Unionism from first principles

The historian Colin Kidd observes that the Union was such a widely accepted and unchallenged fact of Scottish political life that a sort of “banal unionism” prevailed from at least the late 18th Century until the modern day.

He makes this remark in one of his predominant works on the subject, Union and Unionisms (Cambridge University Press, 2008), which covers political thought in Scotland from 1500-2000, and therefore concludes with the advent of devolution and the creation of the modern Scottish ‘parliament’.

Of course, a lot has happened since then. Come 2020, Scotland has endured thirteen years of devolved SNP ‘government’ and a gruelling referendum in which the very existence of the United Kingdom was called into question. The aggressive separatism of the SNP has harnessed a plethora of devolved powers to carve out a devo-fiefdom that has totally marginalised shared British institutions in Scotland; a process in which they have been aided and abetted by the complacently pro-devolution attitudes of successive Labour and Conservative governments. Most notoriously, the 2016 Scotland Act gave the Holyrood assembly a host of new powers and even granted it control over the franchise.

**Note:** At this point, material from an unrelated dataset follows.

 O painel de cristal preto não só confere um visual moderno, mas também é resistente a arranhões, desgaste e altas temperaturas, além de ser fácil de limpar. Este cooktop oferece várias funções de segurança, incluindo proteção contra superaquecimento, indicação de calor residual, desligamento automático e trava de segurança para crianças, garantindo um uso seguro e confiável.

Despite having all the power and influence that comes with being the party of UK Government, the Conservatives are still stuck in the sort of lazy, unarticulated “banal unionist” mindset identified by Kidd. Nothing demonstrates this more than their recent decision to outsource their position on the Union to a private London consultancy firm. Unsurprisingly, it advised them to hand over even more powers to Holyrood in an attempt to “placate” the SNP; including new controls over finance and immigration as part of a broad “Four Nations, One Country” strategy.

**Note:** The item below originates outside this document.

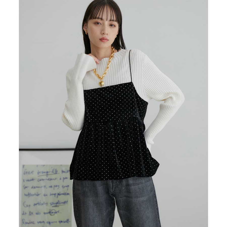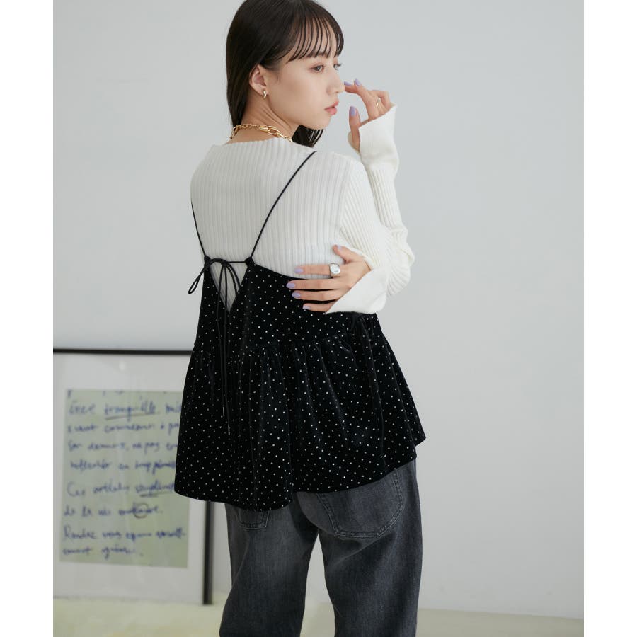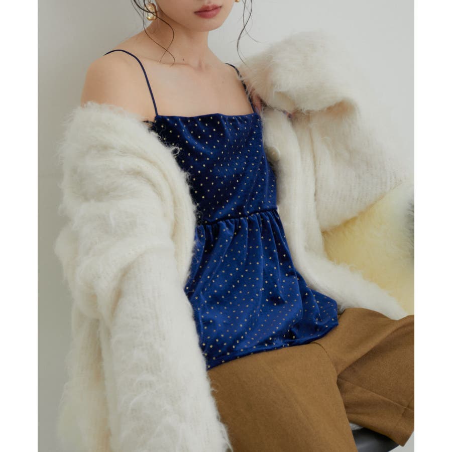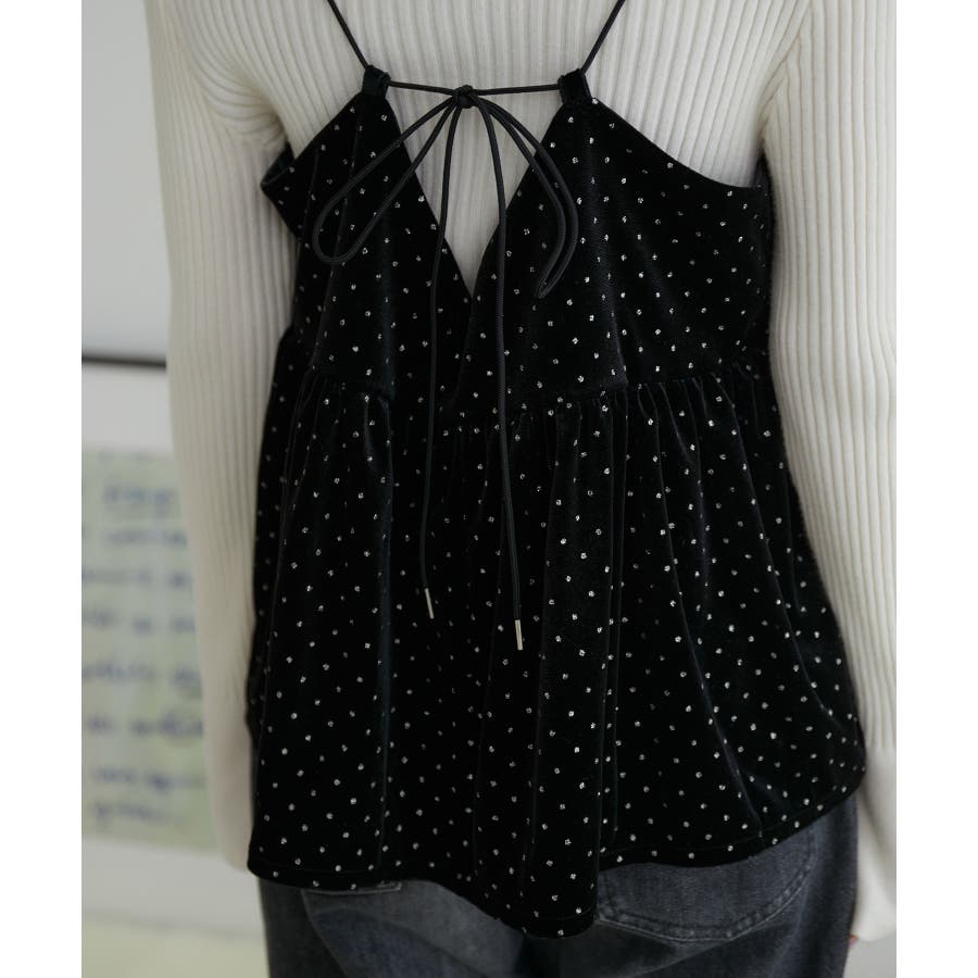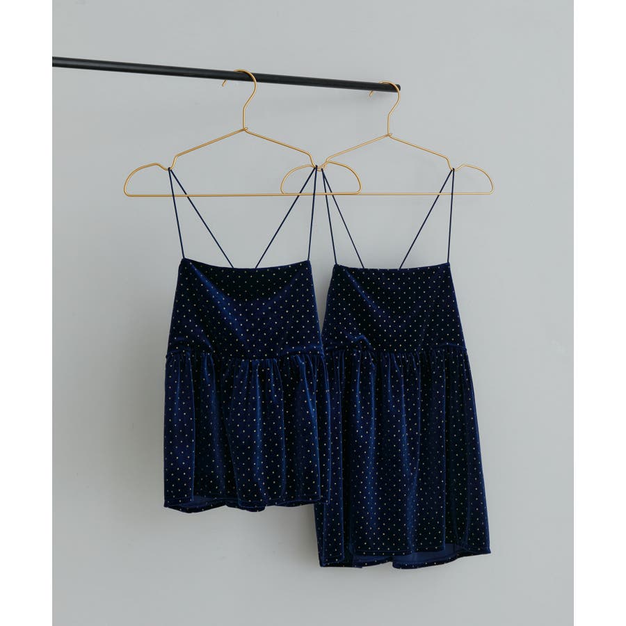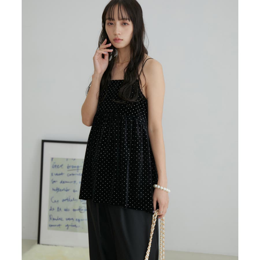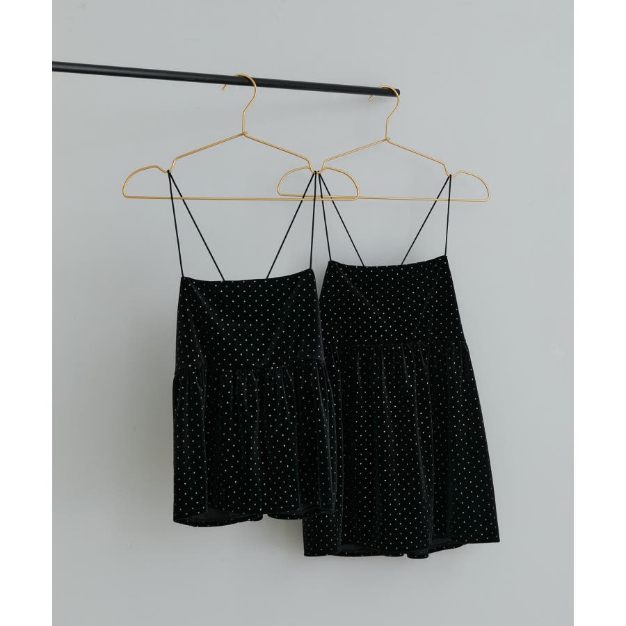 【デザイン・シルエット】 今年注目素材のベロアにラメドットのプリントを施したキャミソールです。

This gets to the heart of the matter. The devolutionary ‘four nations’ conception of the United Kingdom reduces the Union to being merely a sort of mutually beneficial arrangement between four fundamentally separate and distinct nations, which are largely self-governing, and pool and share their resources only for a limited number of reserved matters like borders and defence.

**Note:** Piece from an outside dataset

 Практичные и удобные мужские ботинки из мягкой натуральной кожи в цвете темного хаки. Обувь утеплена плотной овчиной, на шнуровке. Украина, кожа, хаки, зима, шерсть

This is not how the Union or the United Kingdom was understood prior to devolution; nor is it really recognisable as unionism. Indeed, it is this misguided federalism, embodied in the pro-devolution legislation of successive Labour and Conservative governments, that has been piecemeal carving up the United Kingdom for over two decades. Had this never happened, the SNP would still be an insignificant, obscure regional party.

It is vital therefore to clarify what the Union is; for it is only by doing so that we can establish unionist thought from first principles.

Firstly, the Union of 1707 which merged the parliaments of Scotland and England was – politically speaking – an incorporating Union (there were some limited provisions for separate institutions in the ecclesiastical and legal spheres). As an incorporating Union, it merged the parliaments of Scotland and England into one and established that Scottish and English constituencies should be represented equally and without distinction.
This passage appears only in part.